__WORK INSTRUCTION__:
The pictures stay out. Please retype every line below exactly.

__THE DATA__:

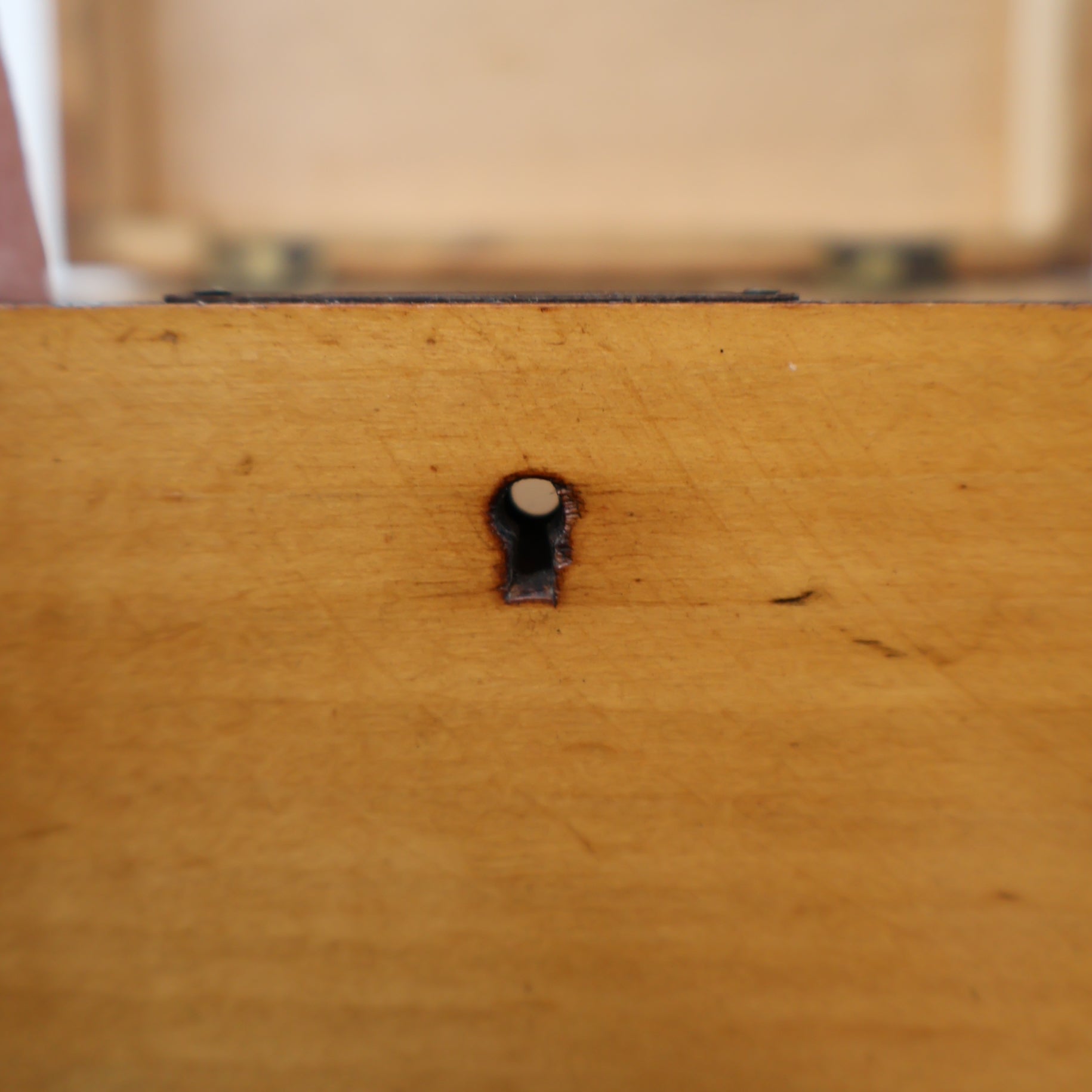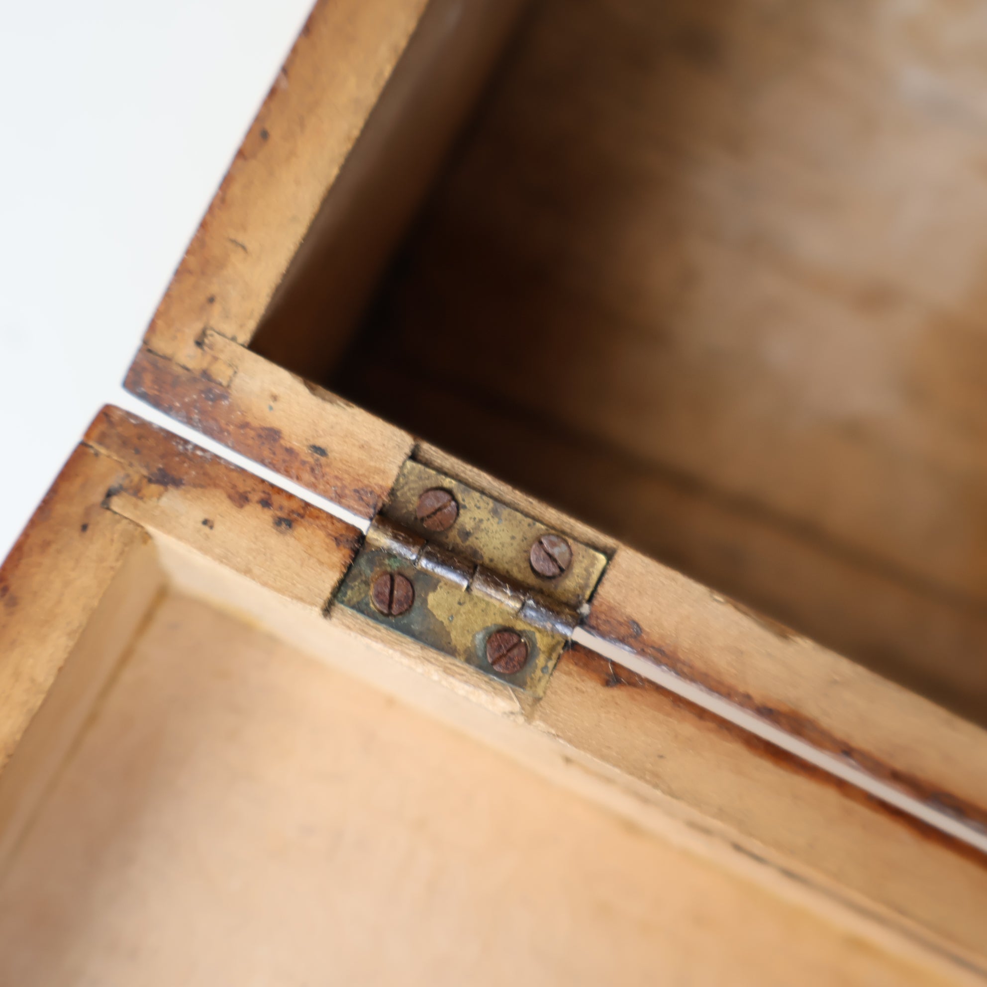 On offer here is a rarer honey-toned wooden box. It is of a larger size and would have be used to store like keepsakes or trinkets in. These larger boxes are hard to find - and ones that are souvenirs from the 1886 Edinburgh International Exhibition are even rarer! This one would be used as a box - but it was originally designed as a money box - with a slot for your coins at the back - and a little lock at the front so your money was kept safe.
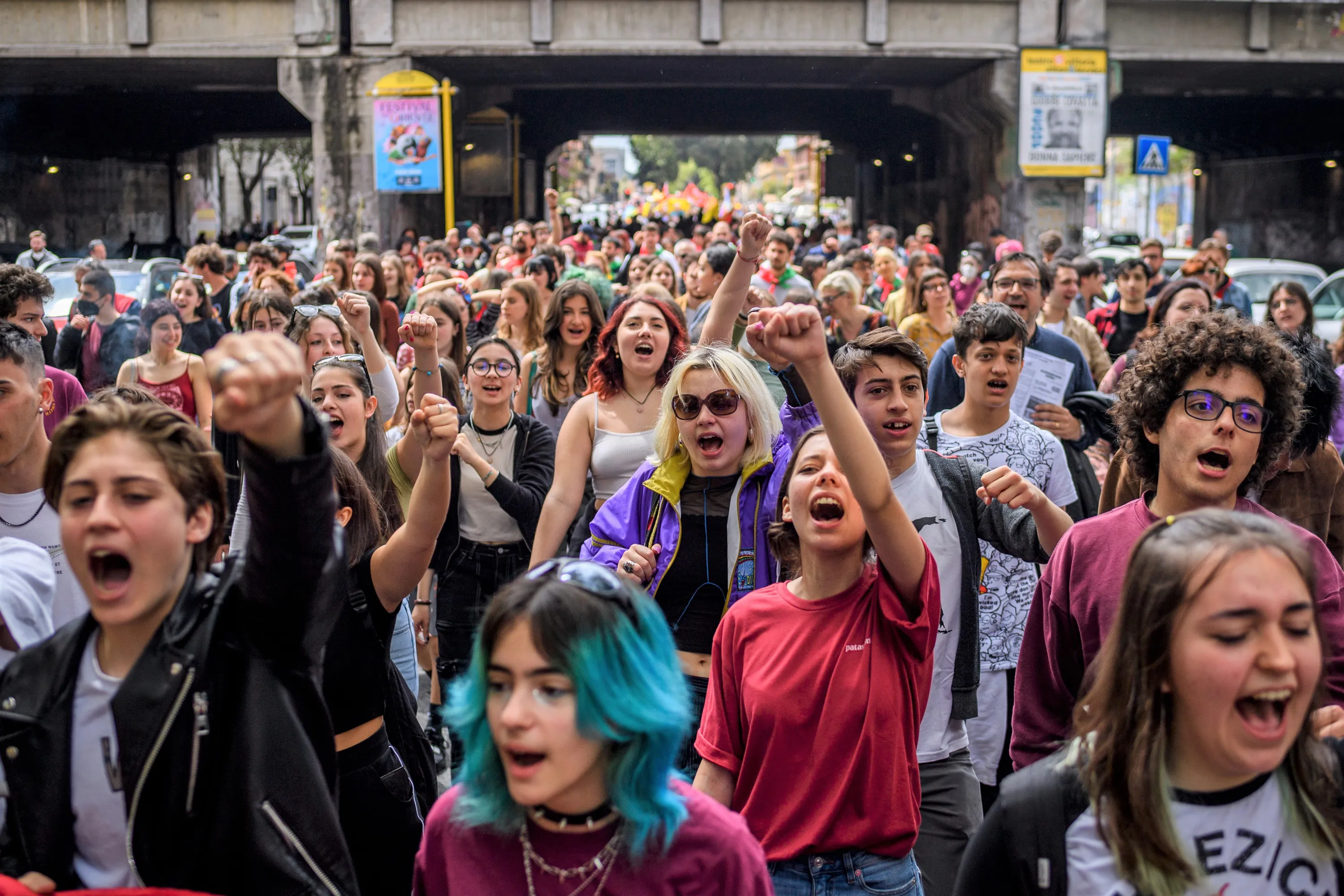 People take part in a demonstration organized by ANPI (National Association of the Italian Partisans) as part of the celebration for the 77th anniversary of the Liberation of Italy, on April 25, 2022 in Rome, Italy. The anniversary of the Liberation of Italy is a public holiday celebrated annually in Italy to commemorate the end the Second World War and the end of the Nazi occupation of the country. (Photo by Antonio Masiello/Getty Images)
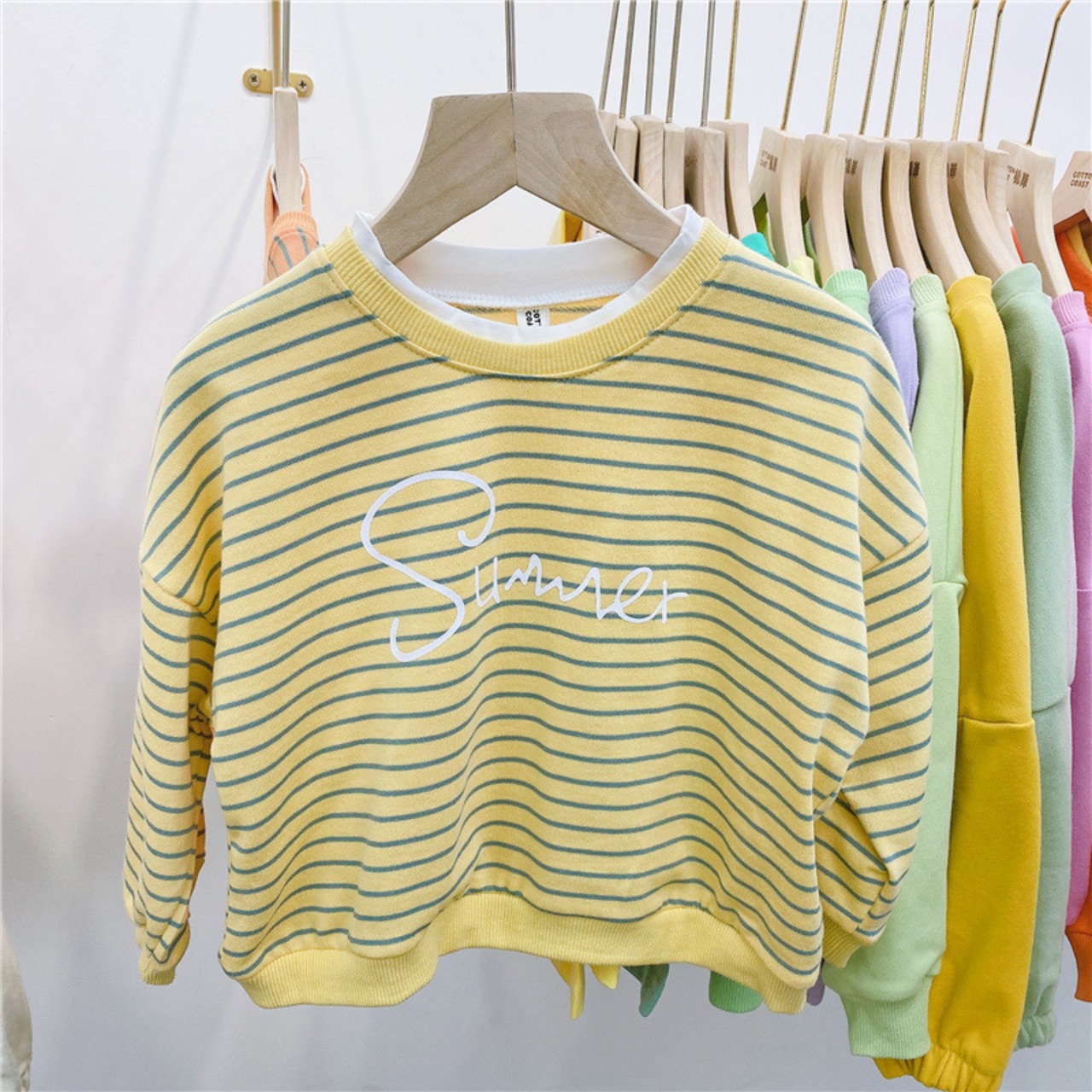 ラウンドネックセーター オータムストライプシャツ カジュアルトップス ロング 秋物 Oネック mi0614598266896

__SOLUTION__:
 On offer here is a rarer honey-toned wooden box. It is of a larger size and would have be used to store like keepsakes or trinkets in. These larger boxes are hard to find - and ones that are souvenirs from the 1886 Edinburgh International Exhibition are even rarer! This one would be used as a box - but it was originally designed as a money box - with a slot for your coins at the back - and a little lock at the front so your money was kept safe.
 People take part in a demonstration organized by ANPI (National Association of the Italian Partisans) as part of the celebration for the 77th anniversary of the Liberation of Italy, on April 25, 2022 in Rome, Italy. The anniversary of the Liberation of Italy is a public holiday celebrated annually in Italy to commemorate the end the Second World War and the end of the Nazi occupation of the country. (Photo by Antonio Masiello/Getty Images)
 ラウンドネックセーター オータムストライプシャツ カジュアルトップス ロング 秋物 Oネック mi0614598266896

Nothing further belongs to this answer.